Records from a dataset

++++++++++++++++++++

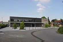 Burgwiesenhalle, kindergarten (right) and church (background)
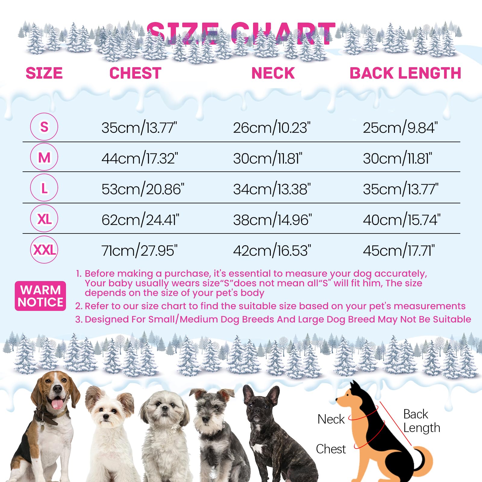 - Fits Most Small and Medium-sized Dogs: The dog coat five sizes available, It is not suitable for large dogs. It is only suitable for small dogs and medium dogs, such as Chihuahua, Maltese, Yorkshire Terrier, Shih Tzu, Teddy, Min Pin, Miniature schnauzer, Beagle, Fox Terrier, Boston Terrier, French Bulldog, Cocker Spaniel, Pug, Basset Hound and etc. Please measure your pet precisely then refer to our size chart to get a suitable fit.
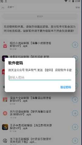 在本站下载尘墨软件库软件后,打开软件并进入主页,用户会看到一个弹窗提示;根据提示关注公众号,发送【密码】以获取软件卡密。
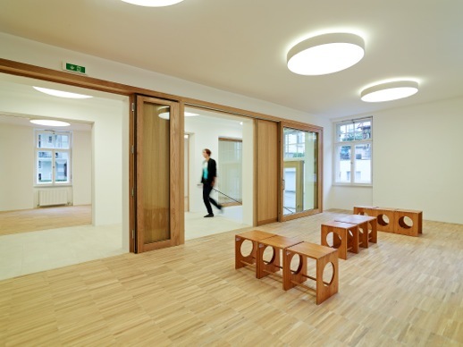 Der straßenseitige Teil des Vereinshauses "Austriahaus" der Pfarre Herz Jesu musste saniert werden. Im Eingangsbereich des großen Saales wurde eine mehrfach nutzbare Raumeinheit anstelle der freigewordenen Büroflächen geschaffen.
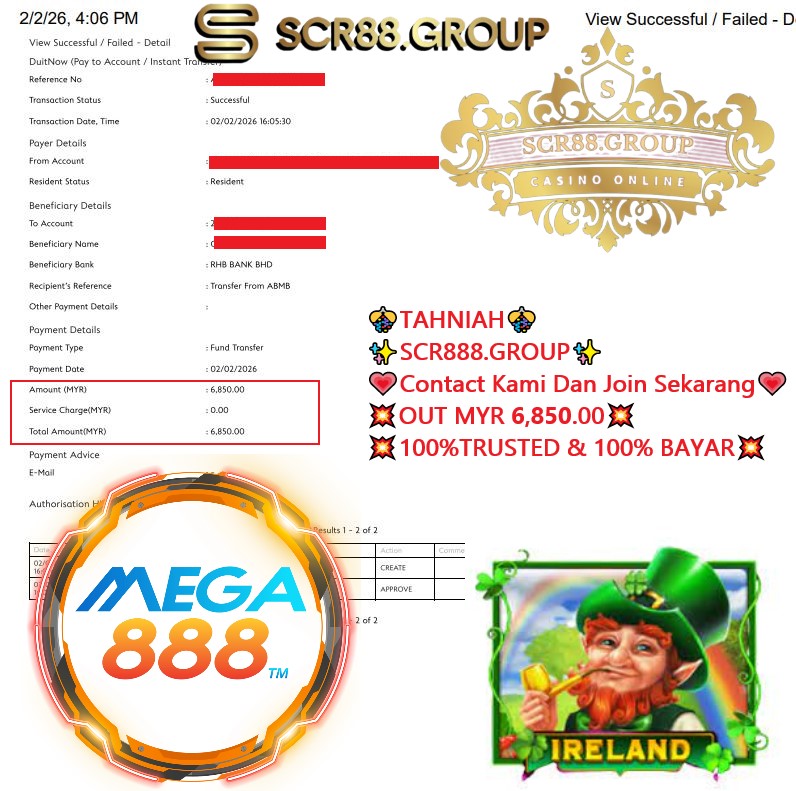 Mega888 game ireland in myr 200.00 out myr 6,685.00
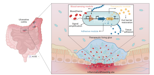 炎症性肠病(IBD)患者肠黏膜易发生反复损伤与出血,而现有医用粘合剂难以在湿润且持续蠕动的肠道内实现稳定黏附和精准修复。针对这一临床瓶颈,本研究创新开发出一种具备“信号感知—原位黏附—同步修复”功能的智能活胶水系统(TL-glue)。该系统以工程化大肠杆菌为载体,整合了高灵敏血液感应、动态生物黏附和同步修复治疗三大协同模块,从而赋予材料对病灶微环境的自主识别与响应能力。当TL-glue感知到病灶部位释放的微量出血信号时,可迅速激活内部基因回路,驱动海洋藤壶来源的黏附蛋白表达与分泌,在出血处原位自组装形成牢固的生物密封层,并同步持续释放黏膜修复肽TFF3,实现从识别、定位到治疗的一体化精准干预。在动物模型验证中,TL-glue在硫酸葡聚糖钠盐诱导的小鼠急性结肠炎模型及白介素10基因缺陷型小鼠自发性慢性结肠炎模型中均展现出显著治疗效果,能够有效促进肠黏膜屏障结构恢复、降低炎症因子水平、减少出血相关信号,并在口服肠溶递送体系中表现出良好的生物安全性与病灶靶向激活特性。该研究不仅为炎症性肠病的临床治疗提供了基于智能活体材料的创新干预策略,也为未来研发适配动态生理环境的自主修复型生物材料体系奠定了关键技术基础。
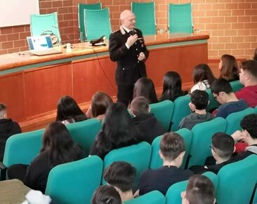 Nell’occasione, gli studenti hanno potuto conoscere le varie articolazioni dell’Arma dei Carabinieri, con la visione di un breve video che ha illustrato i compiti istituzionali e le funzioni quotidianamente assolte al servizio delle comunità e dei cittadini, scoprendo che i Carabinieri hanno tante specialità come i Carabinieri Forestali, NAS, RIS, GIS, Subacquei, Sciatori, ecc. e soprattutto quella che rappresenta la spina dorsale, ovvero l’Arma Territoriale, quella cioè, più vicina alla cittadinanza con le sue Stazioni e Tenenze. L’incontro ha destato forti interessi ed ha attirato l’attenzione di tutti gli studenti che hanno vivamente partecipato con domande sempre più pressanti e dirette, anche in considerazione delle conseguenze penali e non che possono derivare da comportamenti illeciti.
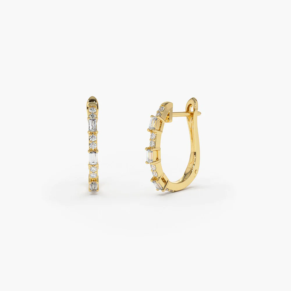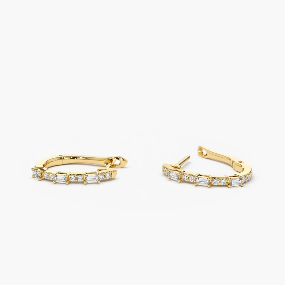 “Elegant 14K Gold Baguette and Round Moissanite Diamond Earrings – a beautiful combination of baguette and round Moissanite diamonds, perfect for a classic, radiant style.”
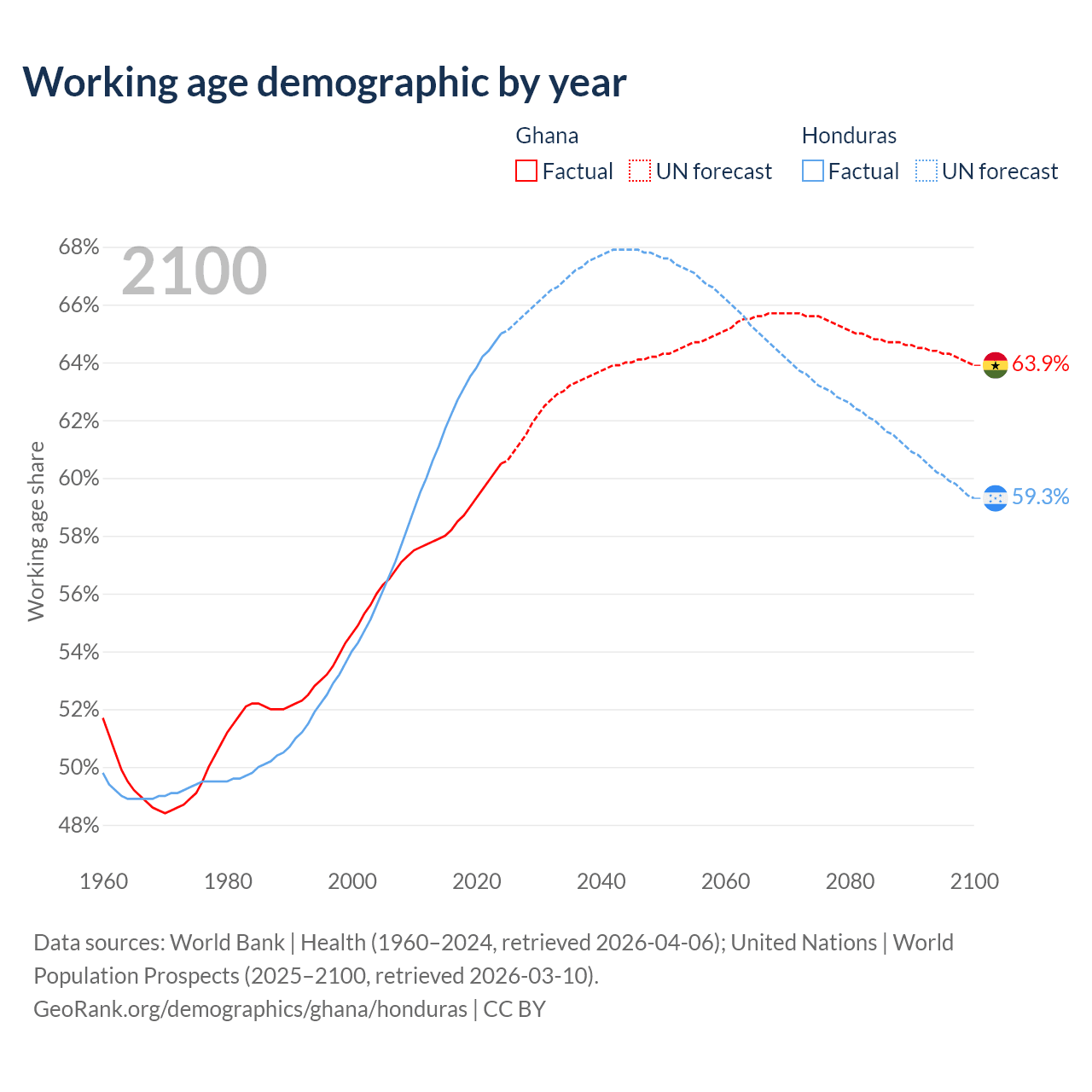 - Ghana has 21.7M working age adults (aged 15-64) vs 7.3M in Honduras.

++++++++++++++++++++

Problem to work on -
Exactly as written, restate the lines above from the opening line through the one holding "Nell’occasione, gli studenti", omitting the pictures.

Task solution -
 Burgwiesenhalle, kindergarten (right) and church (background)
 - Fits Most Small and Medium-sized Dogs: The dog coat five sizes available, It is not suitable for large dogs. It is only suitable for small dogs and medium dogs, such as Chihuahua, Maltese, Yorkshire Terrier, Shih Tzu, Teddy, Min Pin, Miniature schnauzer, Beagle, Fox Terrier, Boston Terrier, French Bulldog, Cocker Spaniel, Pug, Basset Hound and etc. Please measure your pet precisely then refer to our size chart to get a suitable fit.
 在本站下载尘墨软件库软件后,打开软件并进入主页,用户会看到一个弹窗提示;根据提示关注公众号,发送【密码】以获取软件卡密。
 Der straßenseitige Teil des Vereinshauses "Austriahaus" der Pfarre Herz Jesu musste saniert werden. Im Eingangsbereich des großen Saales wurde eine mehrfach nutzbare Raumeinheit anstelle der freigewordenen Büroflächen geschaffen.
 Mega888 game ireland in myr 200.00 out myr 6,685.00
 炎症性肠病(IBD)患者肠黏膜易发生反复损伤与出血,而现有医用粘合剂难以在湿润且持续蠕动的肠道内实现稳定黏附和精准修复。针对这一临床瓶颈,本研究创新开发出一种具备“信号感知—原位黏附—同步修复”功能的智能活胶水系统(TL-glue)。该系统以工程化大肠杆菌为载体,整合了高灵敏血液感应、动态生物黏附和同步修复治疗三大协同模块,从而赋予材料对病灶微环境的自主识别与响应能力。当TL-glue感知到病灶部位释放的微量出血信号时,可迅速激活内部基因回路,驱动海洋藤壶来源的黏附蛋白表达与分泌,在出血处原位自组装形成牢固的生物密封层,并同步持续释放黏膜修复肽TFF3,实现从识别、定位到治疗的一体化精准干预。在动物模型验证中,TL-glue在硫酸葡聚糖钠盐诱导的小鼠急性结肠炎模型及白介素10基因缺陷型小鼠自发性慢性结肠炎模型中均展现出显著治疗效果,能够有效促进肠黏膜屏障结构恢复、降低炎症因子水平、减少出血相关信号,并在口服肠溶递送体系中表现出良好的生物安全性与病灶靶向激活特性。该研究不仅为炎症性肠病的临床治疗提供了基于智能活体材料的创新干预策略,也为未来研发适配动态生理环境的自主修复型生物材料体系奠定了关键技术基础。
 Nell’occasione, gli studenti hanno potuto conoscere le varie articolazioni dell’Arma dei Carabinieri, con la visione di un breve video che ha illustrato i compiti istituzionali e le funzioni quotidianamente assolte al servizio delle comunità e dei cittadini, scoprendo che i Carabinieri hanno tante specialità come i Carabinieri Forestali, NAS, RIS, GIS, Subacquei, Sciatori, ecc. e soprattutto quella che rappresenta la spina dorsale, ovvero l’Arma Territoriale, quella cioè, più vicina alla cittadinanza con le sue Stazioni e Tenenze. L’incontro ha destato forti interessi ed ha attirato l’attenzione di tutti gli studenti che hanno vivamente partecipato con domande sempre più pressanti e dirette, anche in considerazione delle conseguenze penali e non che possono derivare da comportamenti illeciti.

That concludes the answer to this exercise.